This dataset is a daily record of the top trending YouTube videos.

-kaggle

There is data on 10 countries but our dataset of interest is for India.

You can view my notebook here or by visiting my GitHub repo.

Problems with the dataset

The file provided is csv, hence there is no defined schema. This makes it difficult to extract any information using built-in functions specific to certain datatypes right-away. There are columns which consist of date and time. They can be easily analyzed if the schema is corrected/defined.
There are rows that stretch multiple lines. They maybe interpreted as separate rows by spark if not corrected and can lead to incorrect row/column values.
Another disadvantage of a csv file is that they are slow to parse with Spark. They are not able to take advantage of Spark’s predicate pushdown, which help with performance improvements.
There are rows of data present for video which have been removed by YouTube or have some kind of error. Such data can influence insights and can result to false positives.

The Solution

The answer is simple, to create a ingestion data pipeline that extracts, transforms and loads the data into a more robust format.

I used PySpark on the Databricks platform and wrote the cleaned data-frame to parquet.

The Procedure

To ingest the data into databricks, I used the kaggle CLI. I installed it in the environment but to use it, I needed to export my token key and username which would inherently expose my credentials. To conceal it from the viewers, I used widgets that allow us to add parameters to a notebook. This way, anybody using my notebook can run it by entering their own token and username. You can refer the kaggle API documentation to learn about the various commands and how to install it.
Then I defined the schema according to the nature of the columns and read the file into a dataframe.

The date format for the trending_date column is yy.dd.MM and the timestamp format for the publish_time column is yyyy-MM-dd'T'HH:mm:ss.SSSZ. This cannot be specified in the schema. To capture this format, I specified the dateFormat and the timestampFormat options while reading the file to a dataframe. To know more about these options click on the link.
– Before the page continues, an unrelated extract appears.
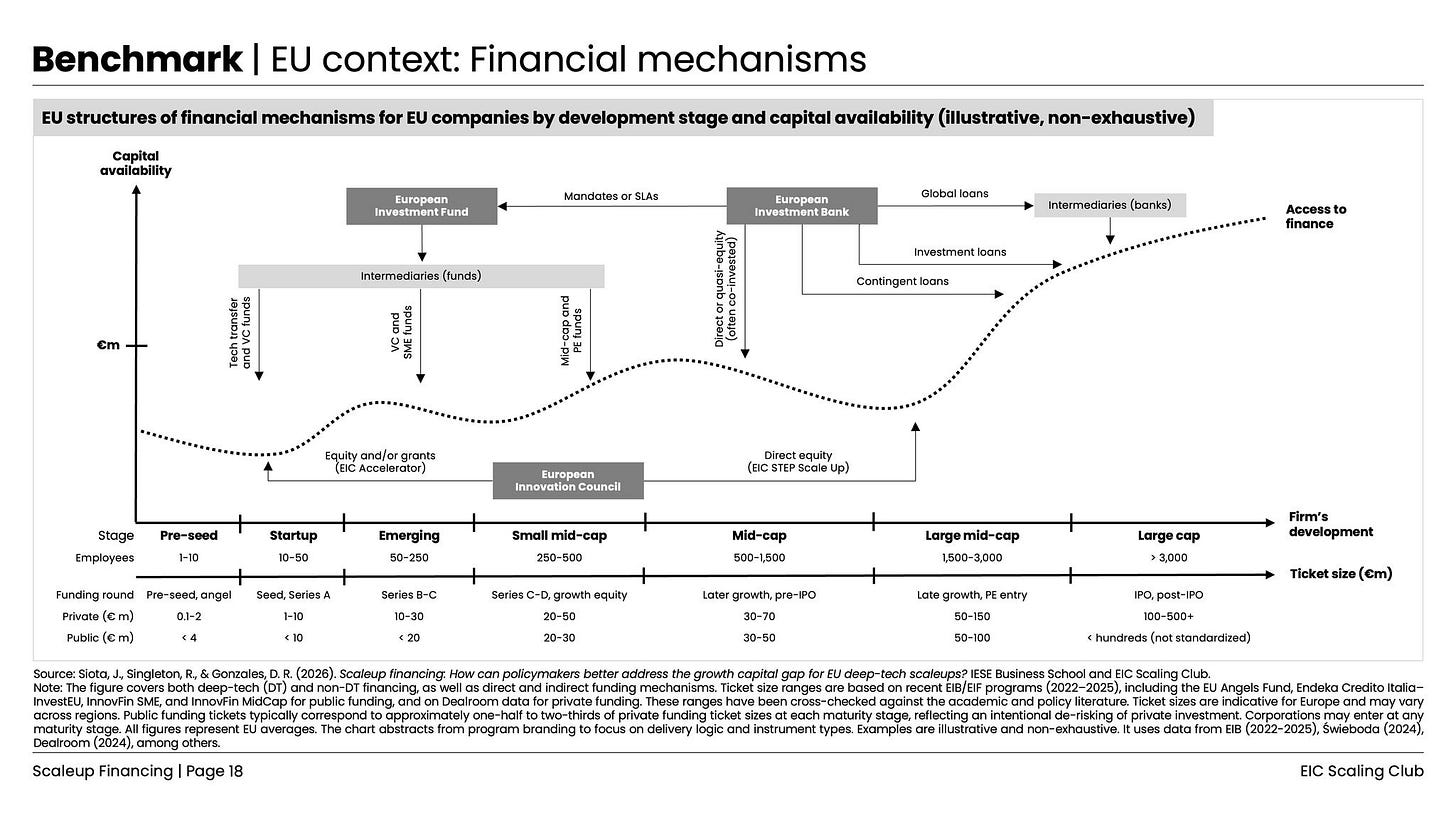 Josemaria Siota: Europe attracts 9x less venture capital per worker than the US despite having EIB, EIF, and InvestEU. The new European Innovation Council report identifies two gaps: growth finance, where startups struggle to access expansion rounds above €50m, and innovation finance, where short investment horizons constrain late-stage deep-tech capital. The report proposes pan-European fund-of-funds and blended finance to crowd in private capital.

I specified the multiLine options as well to convey to Spark that some rows stretch multiple lines and to not parse such records as separate rows.
After importing the data, I performed the relevant transformations.

I removed the rows which had video_error_or_removed column set to True. Value set to true for this column points out that the video has some technical error or it has been removed and hence, cannot be played.

I even removed the rows which had video_id column set to #NAME?. Such values also indicate that the video has been removed by YouTube and hence they have not been assigned a id.

Such records may introduce biases to our analyses and can result to false positives. I have done my best to find such noise in the data and remove them.
The string datatype for the tags column is not helpful when trying to analyze tags from all the videos. So I added another column which has all of the video’s tags in the form of a list. This helps in better analysis.
I wrote the dataframe to parquet and stored it in dbfs:/FileStore folder. To know more about FileStore, visit this link. The parquet file can be downloaded from this link.